Quantum dots as parafermion detectors

TL;DR

This paper demonstrates how quantum dots can be used to detect parafermionic zero modes in strongly correlated topological systems, providing a practical method to identify non-trivial phases.

Contribution

It introduces a novel approach combining numerical and analytical methods to identify parafermionic zero modes via quantum dot properties.

Findings

Quantum dot spectral function reveals zero modes.

Occupation numbers distinguish topological phases.
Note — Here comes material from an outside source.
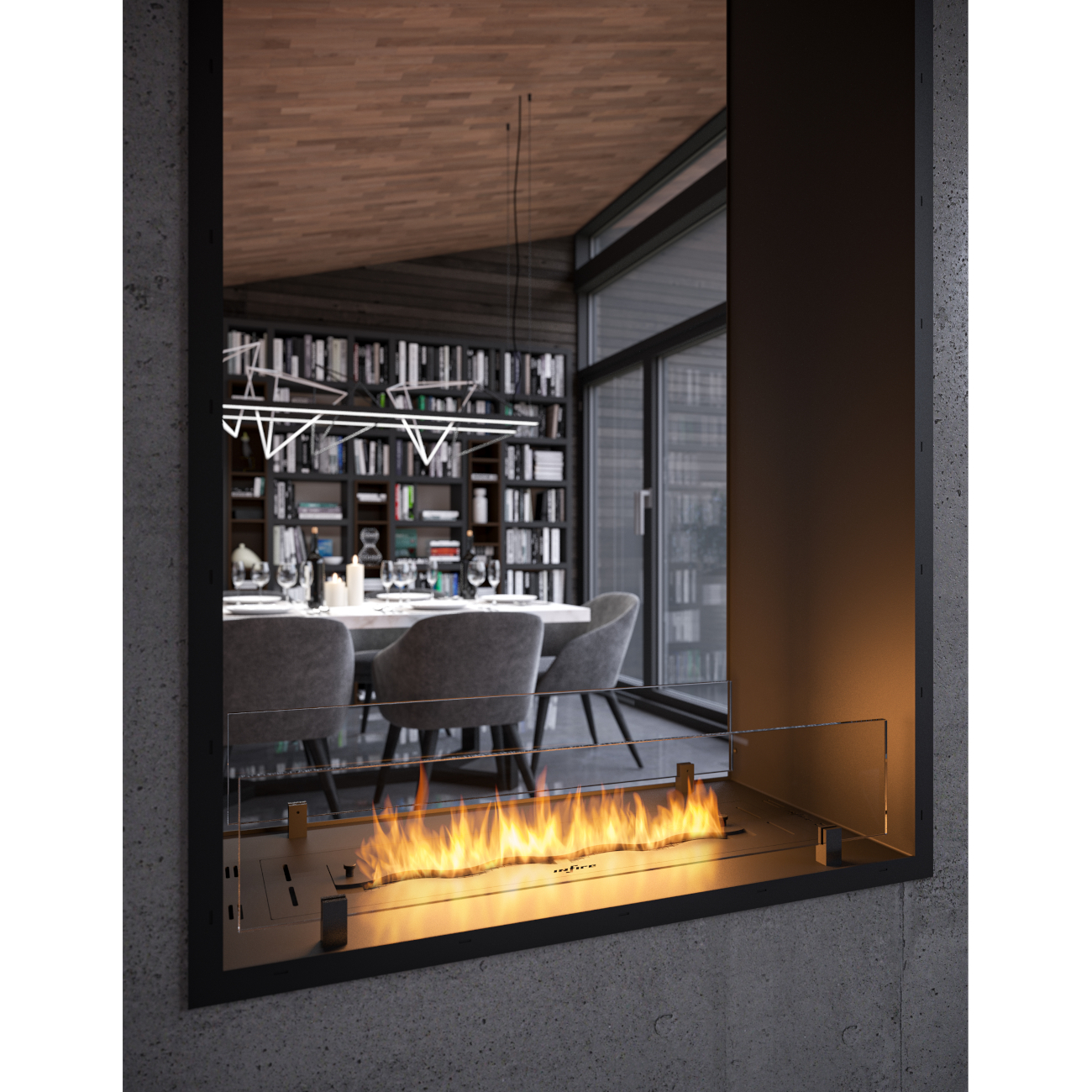 2SIDE 1200 Bioethanolkamin – Großer und Stilvoller Raumtrenner mit modernem Design Der 2SIDE 1200 Bioethanolkamin ist die perfekte Wahl für alle, die eine stilvolle und umweltfreundliche Feuerstelle suchen. Dieser hochwertige Einbaukamin ist speziell für den Einbau in eine Wand zwischen zwei Räumen konzipiert und dient als eleganter Raumtrenner. Dank der zweiseitigen Bauweise genießen Sie die faszinierende Flammenoptik aus beiden Räumen – ein Highlight für jedes moderne Wohnambiente.Flexible Anpassung für Ihr ZuhauseDie Tiefe des Kamins kann individuell zwischen 150 mm und 350 mm konfiguriert werden, sodass er sich ideal in Ihre Wohnsituation einfügt. Die Fertigungszeit für maßgeschneiderte Projekte beträgt 6 Wochen – sprechen Sie uns gerne für eine individuelle Lösung an.Vorteile des 2SIDE 1200 Bioethanolkamins✔ Kein Schornstein & genehmigungsfrei – Installation ohne bauliche Veränderungen möglich✔ Kein Rauch, Ruß oder Abgase – für ein sauberes und gesundes Raumklima✔ Für Innen- & Außenbereiche – vielseitig einsetzbar für Wohn- und Geschäftsräume✔ Sichere Nutzung – ausgestattet mit einem TÜV-geprüften Brenner und Sicherheitsglas✔ Hochwertige Verarbeitung – modernes Design aus pulverbeschichtetem Stahl in Schwarz Sicherheitsmerkmale🔥 Innovatives Entlüftungssystem – Verhindert Druckaufbau unter dem Brenner im Falle eines Kraftstoffüberlaufs.🔥 Zusätzlicher Sicherheitstank – Fängt überschüssiges Bioethanol auf und verhindert das Austreten von Brennstoff.🔥 Keramikfasereinlage – Erhöht die Sicherheit, verlängert und optimiert den Verbrennungsprozess.🔥 Einstellbare Flammenhöhe – Die längliche Regulierleiste mit zwei Griffen ermöglicht eine präzise Flammensteuerung.🔥 Sicheres Löschen – Dank einer verschiebbaren schwarzen Abdeckleiste kann das Feuer sicher gelöscht werden.🔥 Schutzglas – Das getönte Sicherheitsglas ist auf schwarzen Halterungen montiert und bietet zusätzlichen Schutz. Nachhaltig & umweltfreundlich🔥 Bioethanol ist eine nachhaltige und umweltfreundliche Energiequelle, die sauber und rückstandsfrei verbrennt. Es entstehen nur Wärme, Wasserdampf und minimale Mengen an CO₂, vergleichbar mit der Atemluft. Technische Details: Hersteller: InFire – Made in EUModell: InFire 2SIDE 1200 EinbaukassetteMaße: H 50,0 cm x B 120,0 cm x T 25,0 cmGewicht: 20 kgBrennerinhalt: 2 LiterBrenndauer: ca. 2 – 4 Stunden (je nach Flammeneinstellung)Wärmeabgabe: ca. 6 kWBrennergröße: 800 mm mit FlammenregulierungBrennstoff: Bioethanol (96 % Ethanolgehalt)Sicherheitsglas: Getönt, 4 mm, gehärtetMontage: Für Wandeinbau, benötigte Nische: 1160 mm x 460 mm x 250 mm Lieferumfang:✅ InFire 2SIDE 1200 Bio-Ethanol Kamin✅ Getöntes Sicherheitsglas (2 Stück, je 850 mm × 100 mm)✅ 1 Liter Bioethanol als Starterpaket

Method applicable to strongly correlated systems.

Abstract

Parafermionic zero modes, $\mathbb{Z}_n$-symmetric generalizations of the well-known $\mathbb{Z}_2$ Majorana zero modes, can emerge as edge states in topologically nontrivial strongly correlated systems displaying fractionalized excitations. In this paper, we investigate how signatures of parafermionic zero modes can be detected by its effects on the properties of a quantum dot tunnel-coupled to a system hosting such states. Concretely, we consider a strongly-correlated 1D fermionic model supporting $\mathbb{Z}_4$ parafermionic zero modes coupled to an interacting quantum dot at one of its ends. By using a combination of density matrix renormalization group calculations and analytical approaches, we show that the dot's zero-energy spectral function and average occupation numbers can be used to distinguish between trivial, $\mathbb{Z}_4$ and $2\times \mathbb{Z}_2$ phases of the system. The present work opens the prospect of using quantum dots as detection tools to probe non-trivial topological phases in strongly correlated systems.